AIM OF THE EXERCISE> Repeat every line that appears below, with nothing altered.

RECORDS TO PROCESS>

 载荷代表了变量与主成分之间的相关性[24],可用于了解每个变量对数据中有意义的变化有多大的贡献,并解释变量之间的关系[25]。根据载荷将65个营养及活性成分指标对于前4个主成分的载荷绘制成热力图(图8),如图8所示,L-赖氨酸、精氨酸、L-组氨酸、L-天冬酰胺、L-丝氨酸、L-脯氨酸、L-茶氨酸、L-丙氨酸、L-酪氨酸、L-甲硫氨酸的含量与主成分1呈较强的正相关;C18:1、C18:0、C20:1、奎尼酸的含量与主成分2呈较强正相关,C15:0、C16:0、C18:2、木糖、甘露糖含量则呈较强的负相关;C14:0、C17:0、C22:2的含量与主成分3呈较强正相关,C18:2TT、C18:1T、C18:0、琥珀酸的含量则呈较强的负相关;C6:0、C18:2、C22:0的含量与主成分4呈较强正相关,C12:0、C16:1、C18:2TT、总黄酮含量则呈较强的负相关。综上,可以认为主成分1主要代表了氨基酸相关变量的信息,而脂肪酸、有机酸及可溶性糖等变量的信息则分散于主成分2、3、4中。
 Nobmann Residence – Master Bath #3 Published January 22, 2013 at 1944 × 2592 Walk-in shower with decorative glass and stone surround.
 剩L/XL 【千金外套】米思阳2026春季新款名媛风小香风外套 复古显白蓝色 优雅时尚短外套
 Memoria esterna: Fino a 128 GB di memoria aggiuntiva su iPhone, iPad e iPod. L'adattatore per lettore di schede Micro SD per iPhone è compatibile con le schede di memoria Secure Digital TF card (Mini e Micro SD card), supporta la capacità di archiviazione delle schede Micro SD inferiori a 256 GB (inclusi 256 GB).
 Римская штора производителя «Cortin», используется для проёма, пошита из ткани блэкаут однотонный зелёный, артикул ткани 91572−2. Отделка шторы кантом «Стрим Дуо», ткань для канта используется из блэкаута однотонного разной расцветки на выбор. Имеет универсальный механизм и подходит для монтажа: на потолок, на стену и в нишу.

EXERCISE RESPONSE>
 载荷代表了变量与主成分之间的相关性[24],可用于了解每个变量对数据中有意义的变化有多大的贡献,并解释变量之间的关系[25]。根据载荷将65个营养及活性成分指标对于前4个主成分的载荷绘制成热力图(图8),如图8所示,L-赖氨酸、精氨酸、L-组氨酸、L-天冬酰胺、L-丝氨酸、L-脯氨酸、L-茶氨酸、L-丙氨酸、L-酪氨酸、L-甲硫氨酸的含量与主成分1呈较强的正相关;C18:1、C18:0、C20:1、奎尼酸的含量与主成分2呈较强正相关,C15:0、C16:0、C18:2、木糖、甘露糖含量则呈较强的负相关;C14:0、C17:0、C22:2的含量与主成分3呈较强正相关,C18:2TT、C18:1T、C18:0、琥珀酸的含量则呈较强的负相关;C6:0、C18:2、C22:0的含量与主成分4呈较强正相关,C12:0、C16:1、C18:2TT、总黄酮含量则呈较强的负相关。综上,可以认为主成分1主要代表了氨基酸相关变量的信息,而脂肪酸、有机酸及可溶性糖等变量的信息则分散于主成分2、3、4中。
 Nobmann Residence – Master Bath #3 Published January 22, 2013 at 1944 × 2592 Walk-in shower with decorative glass and stone surround.
 剩L/XL 【千金外套】米思阳2026春季新款名媛风小香风外套 复古显白蓝色 优雅时尚短外套
 Memoria esterna: Fino a 128 GB di memoria aggiuntiva su iPhone, iPad e iPod. L'adattatore per lettore di schede Micro SD per iPhone è compatibile con le schede di memoria Secure Digital TF card (Mini e Micro SD card), supporta la capacità di archiviazione delle schede Micro SD inferiori a 256 GB (inclusi 256 GB).
 Римская штора производителя «Cortin», используется для проёма, пошита из ткани блэкаут однотонный зелёный, артикул ткани 91572−2. Отделка шторы кантом «Стрим Дуо», ткань для канта используется из блэкаута однотонного разной расцветки на выбор. Имеет универсальный механизм и подходит для монтажа: на потолок, на стену и в нишу.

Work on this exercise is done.